Another technology that CIOs and data center managers can deploy and use is
In-Row cooling. This technology goes on to prove that modifying the cooling
architecture in a data-center can go a long way in achieving better power
efficiency. Traditional cooling mechanisms utilize the raised floor of a
data-center to pump air from the bottom and cool each server in the rack bottom
upwards. With the advent of blade servers, the performance of each other and the
corresponding cooling it requires is directly proportional to the compute power
that is designated to the particular blade. In such a scenario, the blade that
is sitting right on top of the stack may be the one releasing maximum hot air,
as it is the one that performs the most.
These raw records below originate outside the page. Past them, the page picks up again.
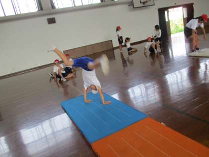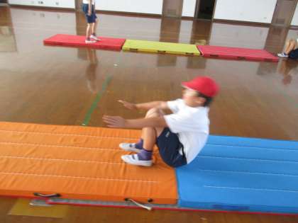 最後の「マット運動」の学習でした。ねらい1の連続技では,技の精度はもちろん,スピードも素晴らしかったです。ねらい2の技練習では,それぞれが一生懸命努力し,新しくできるようになった技が増えた子がたくさんいました。うれしかったです!
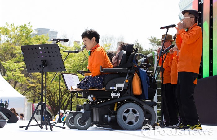 (서울=포커스뉴스) 18일 오전 서울 영등포구 여의도공원에서 함께서울 누리축제에 참가한 장애인 공연팀이 예술공연을 선보이고 있다.
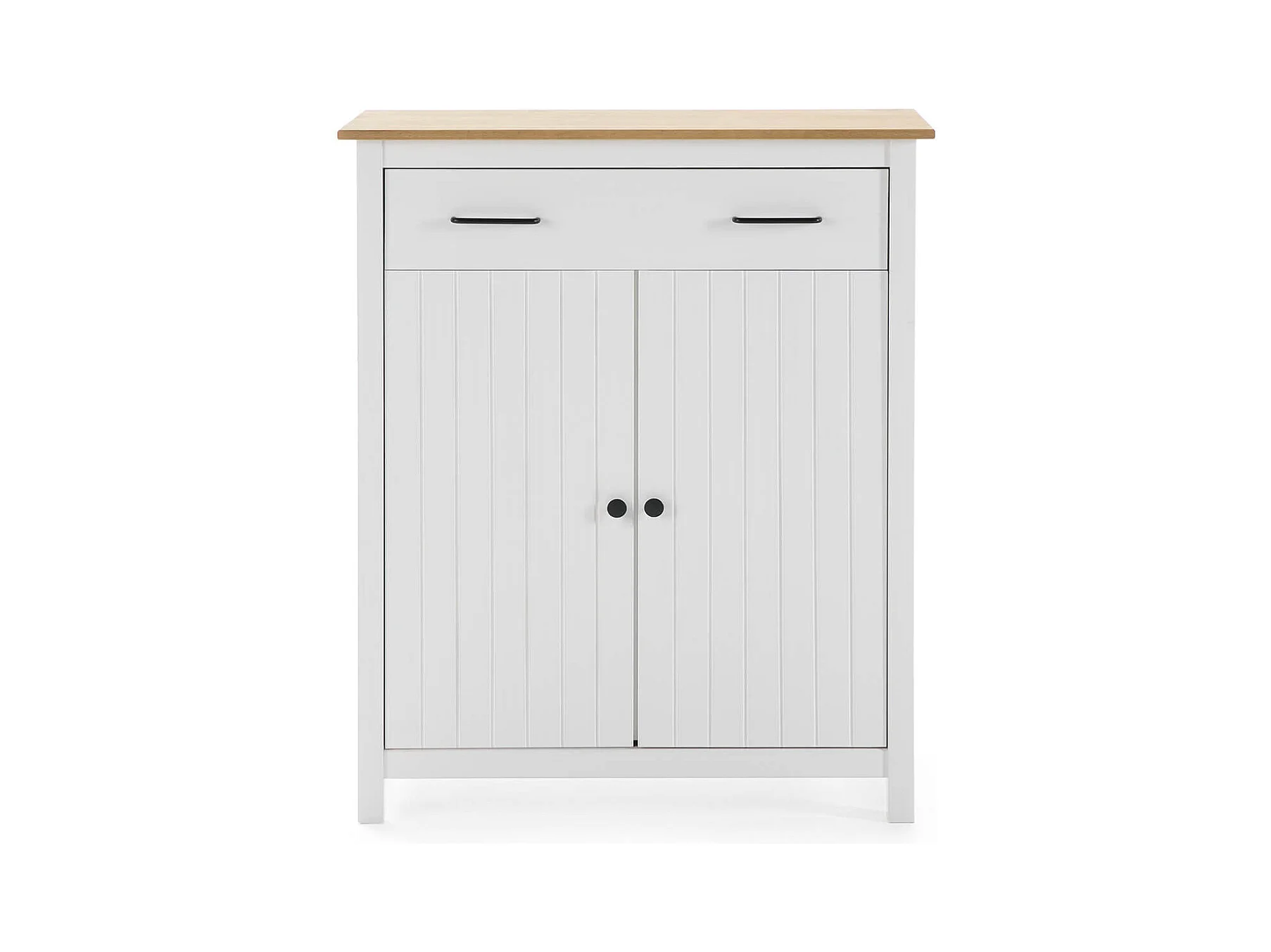 TINA - Meuble Haut 2 Portes 1 Tiroir Bois Ciré et Blanc
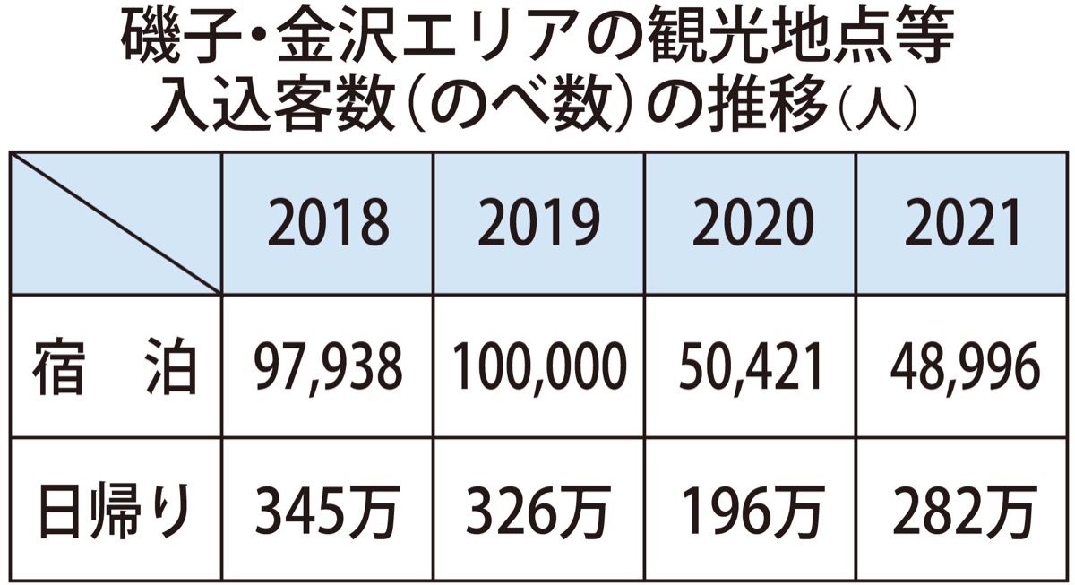 昨年一年間(2021年1月〜12月)の横浜市の観光入込客数(実数)や観光消費額がこのほど発表された。磯子・金沢エリアの入込客数(のべ数)は宿泊で約4万9千人(昨年対比2・8%減)、日帰りで約282万人(同44%増)だった。回復傾向はみられるものの、依然、新型コロナの影響が見られた。

This creates an artificial 'hot zone'
around it, which is further magnified if hot aisles are absent. A simple way to
solve this problem is to cool sideways — in other words, cool air can be pumped
not bottom upwards but along the sides of each server. This way, each server in
the rack across multiple racks gets the same amount of cooling. This may not
always be needed, so automating In-Row cooling of this nature can help the
cooling system 'understand' which server is performing faster than the other,
and adjust the cooling dynamically in real time. If the task assigned to the
particular server is completed and load is shifted to a different server in a
different rack, the cooling changes accordingly to cool the newly assigned
server more effectively. In data-center scenarios where compute power is
required in spikes — for instance on an share broking site where load reduces
significantly on weekends — In-Row cooling can directly contribute to reducing
the power expenses of the enterprise.